I'm very interested in this aspect. Do you have a sense of whether there's enough in the kernel now to build this, or are there still pieces missing?

Yes, there are indeed pieces missing for this use-case. I intend to push another system call for the next merge window (4.19): "cpu_opv" [1]. It stands for "CPU operation vector", which is needed to take care of moving user-level tasks around between per-cpu work-queues touched by rseq fast-paths in a way that is safe against CPU hotplug. It's also needed to migrate free memory between per-cpu memory pools modified by rseq fast-paths safely against CPU hotplug. Some of it can be approximated by setting cpu affinity, but it's racy against CPU hotplug.

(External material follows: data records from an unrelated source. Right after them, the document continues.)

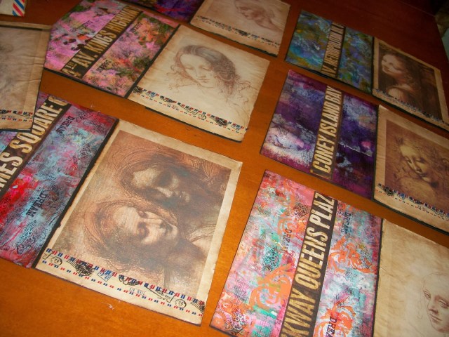 I made the signatures by folding and glueing some black papers I had in to 2 spreads per signature, with pockets and then gathered some painted papers. Cut some strips from a sheet of 8-8″ paper and printed these Da Vinci ladies, to represent each participant.
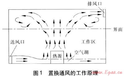 置換通風的核心技術(shù)是利用工作區(qū)的熱源加熱送風氣流,使其利用自然作用力卷吸工作區(qū)內(nèi)污染物及余熱,并從上部排出。因此,置換通風適用于高度大于3m的空間,如廠房、影院、體育館等。
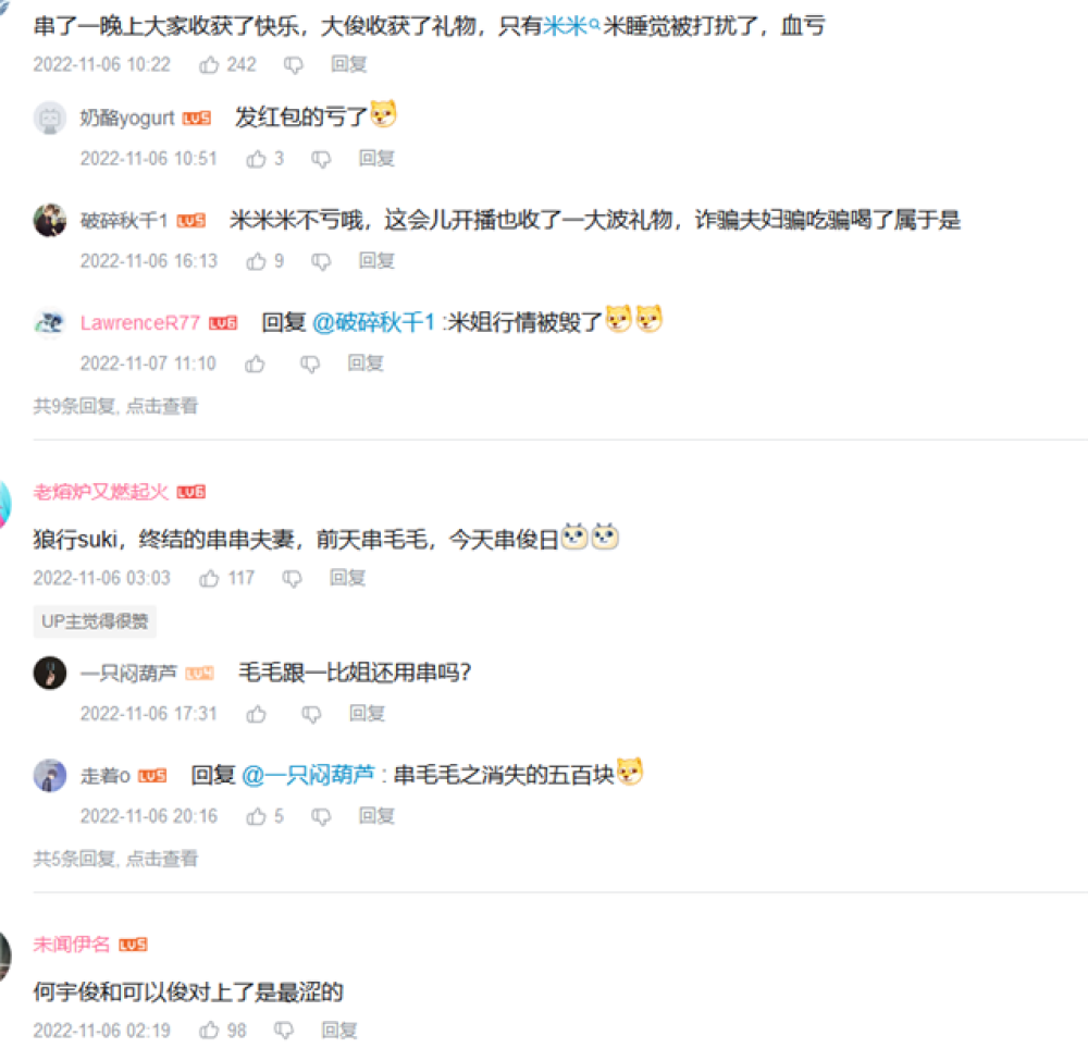 打电话的时候,其他解说起哄赵俊日和小米,说两人是一对情侣。当然,赵俊日不止炒过这么一个cp,之前的“夕日”也就是赵俊日和瞳夕,还有其他女解说也是他的cp。通过这种方式,解说能收获更多关注。
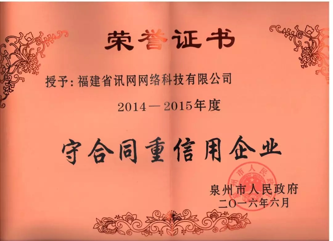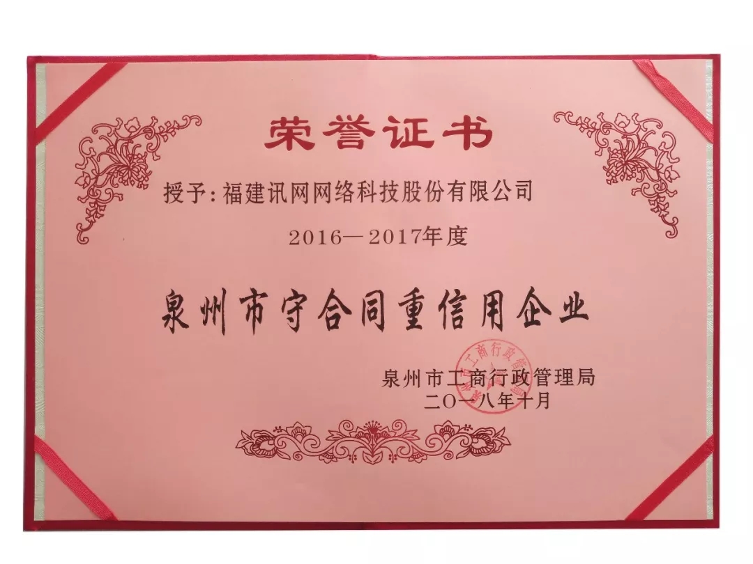 日前,2016-2017年度泉州市守合同重信用企業(yè)名單正式揭曉,福建訊網(wǎng)網(wǎng)絡(luò)科技股份有限公司(簡(jiǎn)稱“訊網(wǎng)網(wǎng)絡(luò)”)蟬聯(lián)泉州市守合同重信用企業(yè)。

cpu_opv can be used as a slow-path fallback in pretty much all scenarios where the rseq fast-path aborts.

rseq user-level APIs are pretty much limited to only work on the current CPU, whereas cpu_opv allows creating operations on per-cpu data structures [2] which take the CPU number as argument. If it happens to be on the current CPU, rseq can be used and it is fast, but if the CPU number is not the current CPU, or is an offline CPU, then cpu_opv takes care of performing the operation safely with respect to rseq critical sections, and other cpu_opv operations.

[1] https://git.kernel.org/pub/scm/linux/kernel/git/rseq/linux-r... [2] https://git.kernel.org/pub/scm/linux/kernel/git/rseq/linux-r...

What is an example of the "per-cpu data" they're talking about here[0]?

[0] https://github.com/torvalds/linux/blob/d82991a8688ad128b46db...

Mathieu's (patch author) main motivation was removing atomic operation from the LTTng userspace tracer's hot path.

In that case, the per-cpu data is the 'reserve' and 'commit' counters that must be updated when the tracer saves an event to the per-CPU buffers.

Other uses that I'm aware of include memory allocators that maintain per-CPU arenas.

I suspect that something like a heap implementation could use this. For concurrency, you want different cores to use different pools to avoid atomics. In practice, this means per-thread pools are used today, but this rseq feature seems like it would allow using per-core pools instead. That would save memory and probably be even better for cache locality when a core is shared by multiple threads.

I use higher-level APIs built on top of restartable sequences. Here's my understanding (could be wrong):

> I suspect that something like a heap implementation could use this.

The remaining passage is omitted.